Так, вспомнилось ей, стоял он и тогда, двадцать восьмого июня, только тогда на нем ничего не было, ни единой нитки, а теперь – килограммы одежды, и этот пошлый милицейский тулуп сверху.
– Сейчас посмотрим, что у вас получено, что не получено, – сказала она, выдвигая ящик стола, где у нее лежали списки на выдачу сахарных талонов.
Выдавать талоны было вообще обязанностью бухгалтерши, но та загрипповала, и Альбина взяла это дело на себя. Она могла бы и не брать, не для ее должности было – ведать талонами, но бухгалтерша, кроме нее, никому больше не доверяла, умолила подменить на время болезни, и, как за все, с несомненностью знала теперь Альбина, пришлось платить и за это не очень-то нужное ей приятельство.
В месяц на человека полагалось полтора килограмма сахара, талоны выдавались сразу на квартал, сейчас стояло начало марта, и у семьи Гали-молочницы все было получено. В каждой графе, где положено, красовалась ее собственноручная подпись, как она могла забыть о том? – не могла наверняка, а значит, послала его к ней специально. Услышала, что талоны выдает она, и послала.
– Все вам выдано, – сказала Альбина, убирая листы со списками обратно в ящик и задвигая тот.
– Выдано, выдано, что там выдано, полтора килограмма на человека – это что такое?! – заприговаривал ее бывший любовник, еще сильнее напирая ногами на столешницу. Наклонился к ней через стол и подмигнул: – Ну чего, по старой памяти, а? Давай?! Я тебя по старой памяти сделаю, у, пальчики оближешь!
Ни гнева, ни отвращения, ни стыда – ничего в ней не всколыхнулось, она была чиста не только от страсти, она была чиста от любых чувств к нему – словно бы перед нею стоял некий кусок дерева, бревно, непостижимым образом обретшее голос, – она была чиста от любых чувств, спокойна, свободна и счастлива этой свободой.
– Все выдано. Выдано, – повторила Альбина, улыбаясь ему с тем счастьем, что так неожиданно обнаружила в себе. – Это и передай матери. Пусть в апреле приходит. После выборов, – почему-то прибавилось у нее.
Он попробовал было помочь своим словам руками, но он был куском дерева, бревном, ни с того ни с сего обретшим способность говорить, и ей не составило никакого труда выставить его вон.
Он исчез за дверью, она подождала немного, чтобы он наверняка удалился подальше, и из нее вырвался дикий, клекочущий победный клик. Руки у нее взметнулись вверх, она изо всей силы сжимала их в кулаки и, приподняв ноги, болтала ими под столом.

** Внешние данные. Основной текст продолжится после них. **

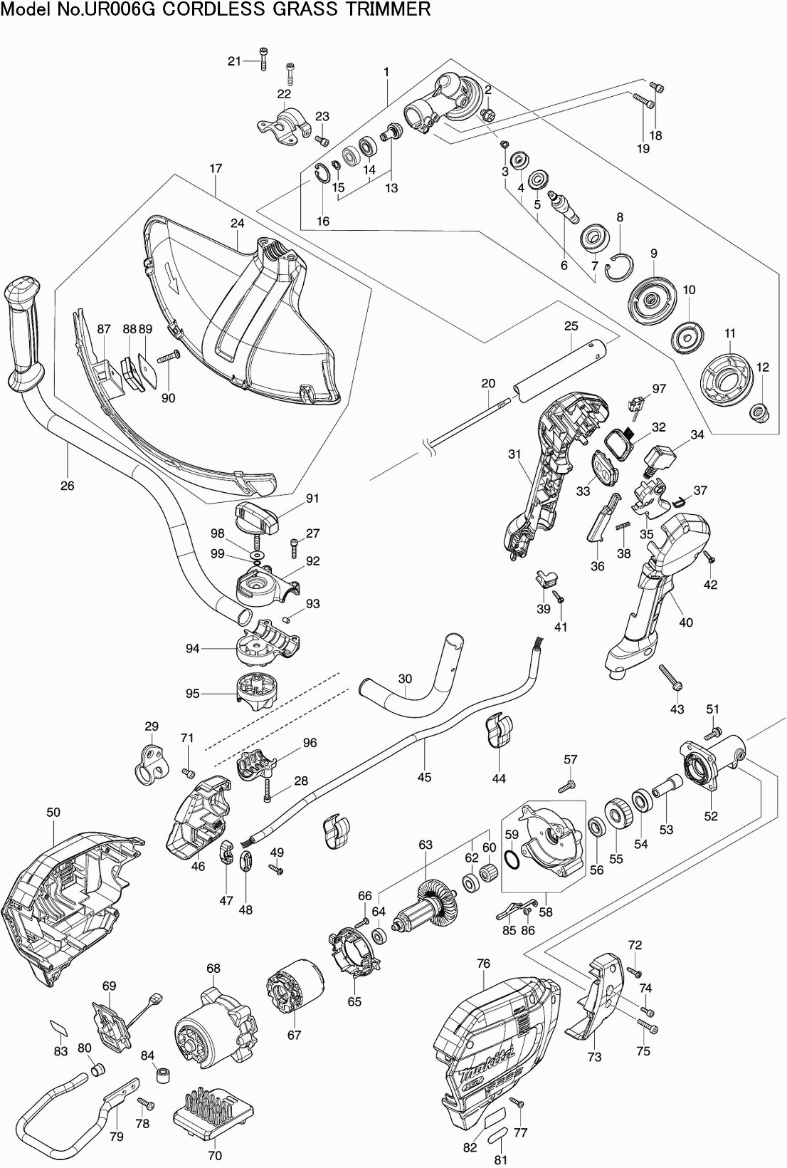 Onderdelen lijst van de Makita UR006G
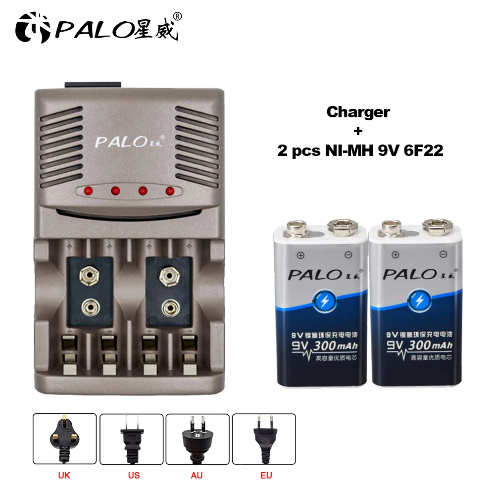 Умное зарядное устройство PALO для никель-металлогидридных аккумуляторов AA, AAA, 9 В, 6F22, 2 аккумулятора 9 В, 300 мА ч, для микрофона
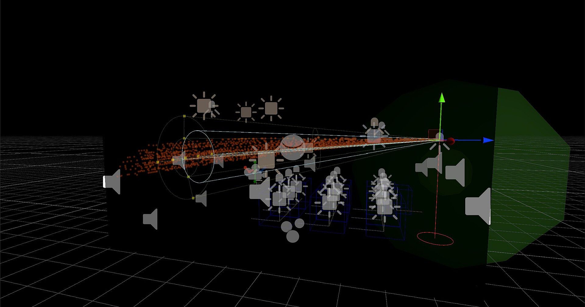 • Optional projector beam with visible particle rays and cinematic god-rays

Она была свободна, свободна! О, это прекрасно, что он приперся к ней сюда за талонами, и она смогла проверить себя! Это прекрасно, прекрасно, прекрасно!
Она вела себя, как ребенок, как вела себя, случалось, девочкой, осознавала это, чувствовала смущение от того, – и была невольна над собой. Ее переполняло радостью, радость не умещалась в ней, фонтанировала из нее, и как земле не удержать в себе рвущийся наружу горячий гейзер, так ей не удержать было эту радость.
В такой позе – со вскинутыми вверх руками, – за этим клекочущим ревом, рвущимся из нее, и застал Альбину Семен.
Открыл дверь, постоял там на пороге в полном ошеломлении и перешагнул через него лишь тогда, когда она, преодолев собственное замешательство, как-то глупо при том подхихикнув, сказала:
– Ну? Что такое?
– Вы это что, Альбина Евгеньевна? – ответно спросил ее Семен. – Йогой какой занимаетесь?
Хорошо, что вошел именно он, не кто другой. Он сам был такой притчей во языцех, что, сколько ни мели потом о ней всем и всякому, никто его не будет и слушать. А если бы кто другой – убегай со своего секретарского места собственной волей да поскорее: слухи о том, где она будто бы лежала, тотчас расцвели бы, найдя себе подтверждение, самым махровым цветом.
– Нет, не йогой, – ухватилась она за шутку Семена. – Такое упражнение дыхательное. Чтобы легкие прочищались.
– А ну-ка, ну-ка, – Семен, может быть, и не очень поверил, но жадность его была всестороння, и, нужно, не нужно, а появлялась возможность что-то ухватить, пусть и невещественное, тотчас на то кидался. – Ну-ка расскажите мне, может, и мне подойдет.
– Нет, это только для женщин, – отмахнулась Альбина. – Что такое, спрашиваю? Какая нужда?